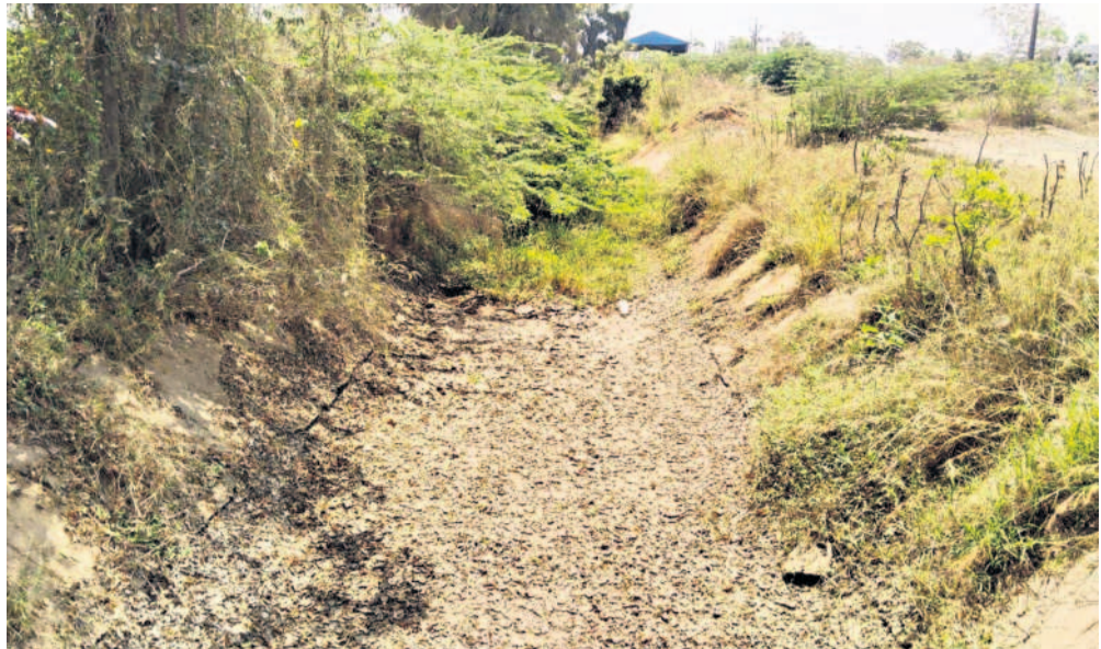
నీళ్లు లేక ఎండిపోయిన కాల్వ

---

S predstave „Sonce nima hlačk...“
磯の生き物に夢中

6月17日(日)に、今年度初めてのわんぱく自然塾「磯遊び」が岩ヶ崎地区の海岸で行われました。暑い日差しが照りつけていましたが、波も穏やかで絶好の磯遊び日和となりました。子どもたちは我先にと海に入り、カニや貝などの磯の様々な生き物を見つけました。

* TASK BRIEF: Give back, exactly as written, the stretch from the line with "S predstave „Sonce" through the line with "6月17日(日)に、今年度初", and no other lines from the records above.

* TASK OUTPUT:
S predstave „Sonce nima hlačk...“
磯の生き物に夢中

6月17日(日)に、今年度初めてのわんぱく自然塾「磯遊び」が岩ヶ崎地区の海岸で行われました。暑い日差しが照りつけていましたが、波も穏やかで絶好の磯遊び日和となりました。子どもたちは我先にと海に入り、カニや貝などの磯の様々な生き物を見つけました。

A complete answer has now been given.